Every week there seems to be an announcement about autonomous farm equipment – John Deere acquired Blue River in 2017, and then Bear Flag Robotics last year, and now they’re, essentially, announcing Bear Flag’s products as their own. Meanwhile, Case bought Raven Industries last year, after Raven had acquired DOT Technology and SmartAg. Even smaller, specialty-crop companies are getting into this, like GUSS and Fieldin.
The case for autonomous rolling stock is obvious – if you’re not driving the tractor/sprayer/combine/whatever, you can be somewhere else doing something else valuable. And there are times you would really rather have the robot driving…
I have considered tillage to be the activity most ready for automation, so I had applauded Bear Flag’s emphasis on tillage and Deere’s decision to acquire them and offer an autonomous 8R for tillage. I’ll be interested to see how this goes… it’s coming at a time when no-till or strip-till is increasingly popular, but there’s still a lot of the world still digging up fields.

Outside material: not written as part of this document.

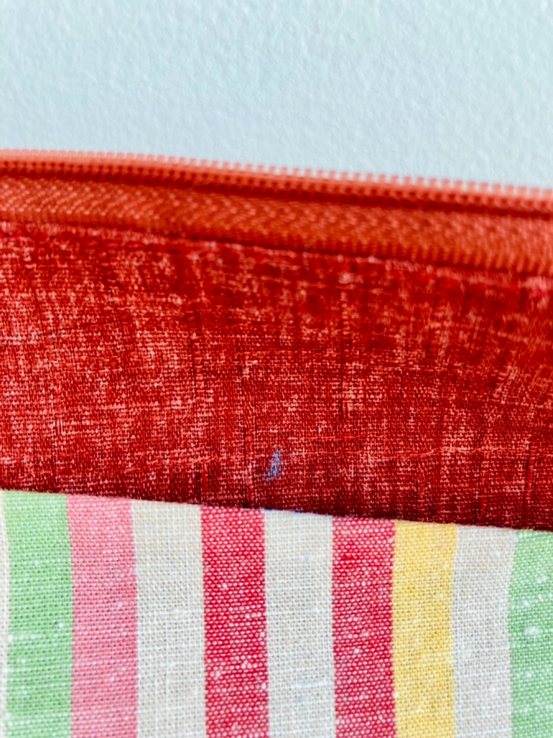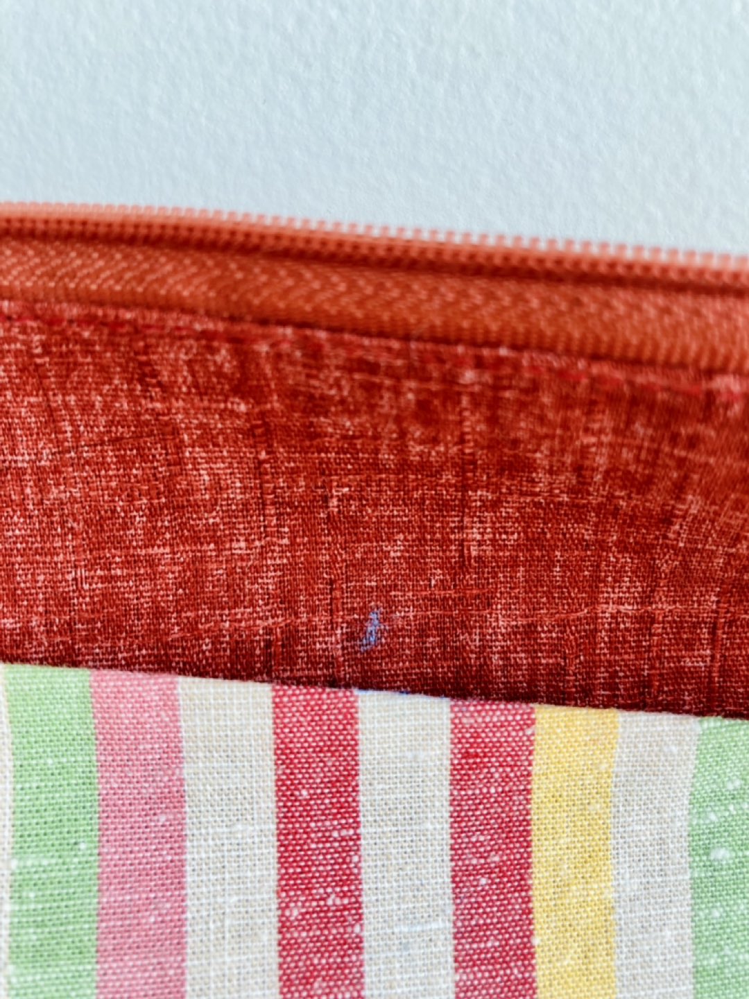 A small blue mark (see photo) but in otherwise excellent condition. Perfect to tuck into your purse.

Planting and harvest are difficult, complex, and time-sensitive tasks, so I expect they will be the last to be automated, but that still leaves spraying and cultivating. GUSS out here in California is already out spraying orchards, and, again, I think Deere was smart to acquire Blue River for their vision-based weeding system. It’s not ready to be a blockbuster product this year, but I can certainly see a future where weeding (and possibly other pest control) is done by a self-driving machine. The autonomous farm won’t be a complete “rip-and-replace” operation – I expect we’ll see it come one piece at a time, slowly replacing human labor, just as it has for the last 200 years.
In truth, once you are liberated from having to drive the machine, of course, you can actually employ more machines. You can have multiple large machines, like the Deere 8R tractor or the Raven (now Case) Omnipower platform, working in different fields, or you could conceivably start replacing some of them with swarms of small, nimble machines like the prototype Fendt Xaver seeder or the Australian Swarmfarm sprayer.

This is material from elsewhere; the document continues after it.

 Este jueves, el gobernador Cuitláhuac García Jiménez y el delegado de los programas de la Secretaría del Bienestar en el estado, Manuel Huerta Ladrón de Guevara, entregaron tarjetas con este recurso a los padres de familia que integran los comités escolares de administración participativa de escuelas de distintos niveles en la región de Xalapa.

However, having multiple machines in the field requires that they be able to communicate with each other and, possibly, with a central server. That communications must be both low-latency (to avoid delays and collisions) and high-bandwidth (to ensure that they can “speak freely” – at times they’ll need to communicate a lot of information). There are a lot of pundits out there telling us that “5G will solve everything” – and the technical specs tell us that could be absolutely true. That leaves only one important question: do you have 5G on your farm today?
If you’re in the 95% or so who answer “no” to that question, you might want to consider another solution – a solution that might even be better. Meshing WiFi was originally designed to enable “Mobile Ad-Hoc Networks” or “MANETs” – exactly what these devices are using in the field. Instead of waiting for a carrier (or several – many farmers I know require two or more phones, because one carrier covers one part of the farm and a different carrier covers another) to come and plant a 5G network on your property, you can start establishing a WiFi network across your property using AyrMesh Hubs and AyrMesh Cab Hubs for your vehicles.

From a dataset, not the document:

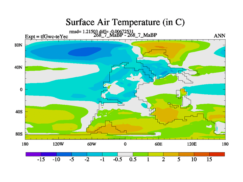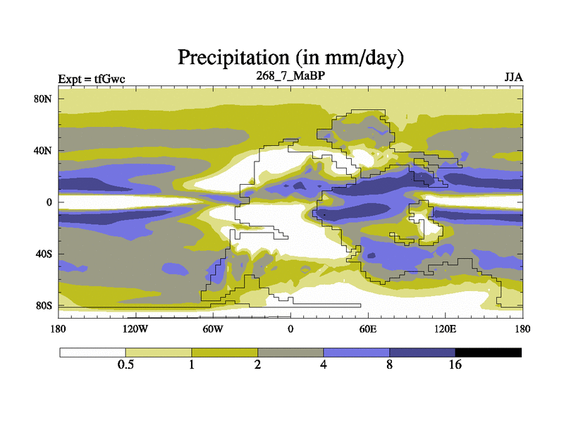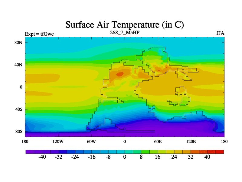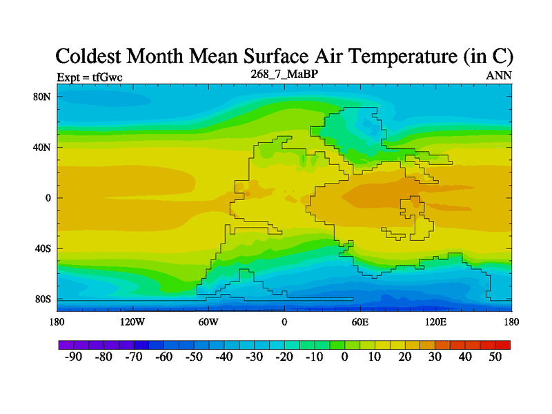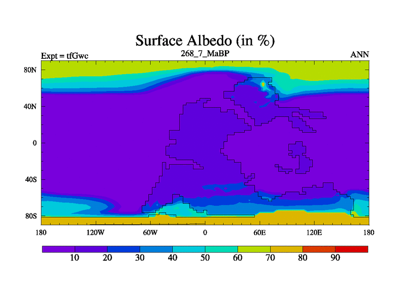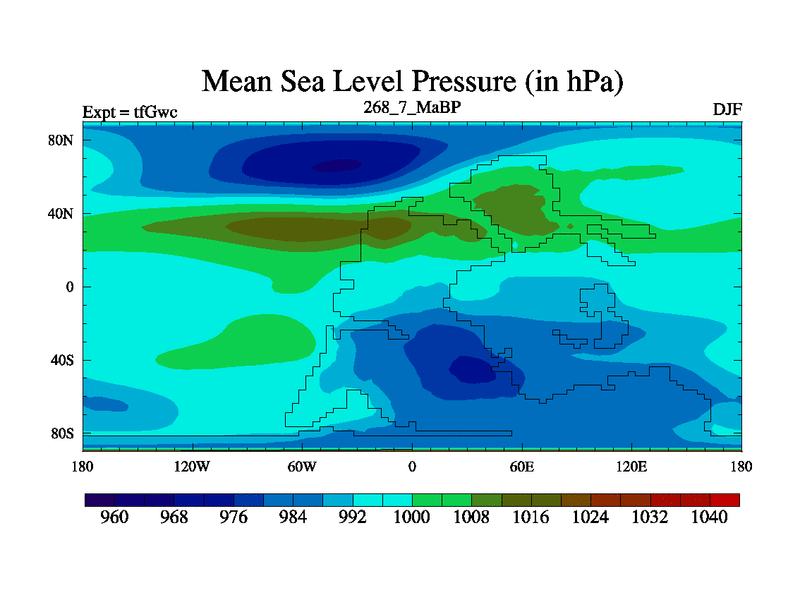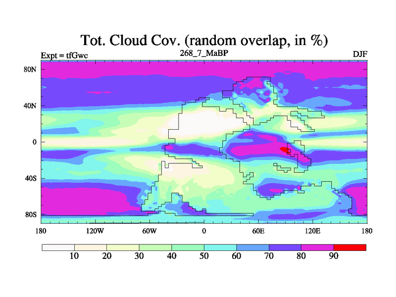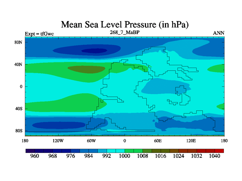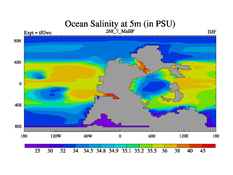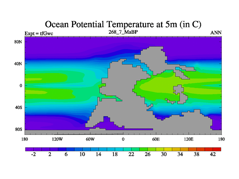 This is the 268.7 Ma simulation using the Scotese palaeogeographies and revised CCN etc. This version has islands included. Started from end of teYec.

The advantages of using WiFi include:
- You control the network: what gets covered and who gets to use it
- It uses your existing Internet connection – no extra charges
- It connects to your existing LAN – you can put servers on your network so data need not leave your farm
- It’s standard, so it works with everything, from your laptop to cameras to low-cost soil sensors and controllers… including robots
- It will get better with time – new versions of WiFi will bring advantages.
This is an exciting time for farming – things are going to change pretty quickly, and there will be real advantages for those who adopt new technologies. The AyrMesh network provides a “backbone” that allows you to adopt those technologies easily, and we’re eager to work with the companies that are producing these new technologies to maximize the value they bring to farmers.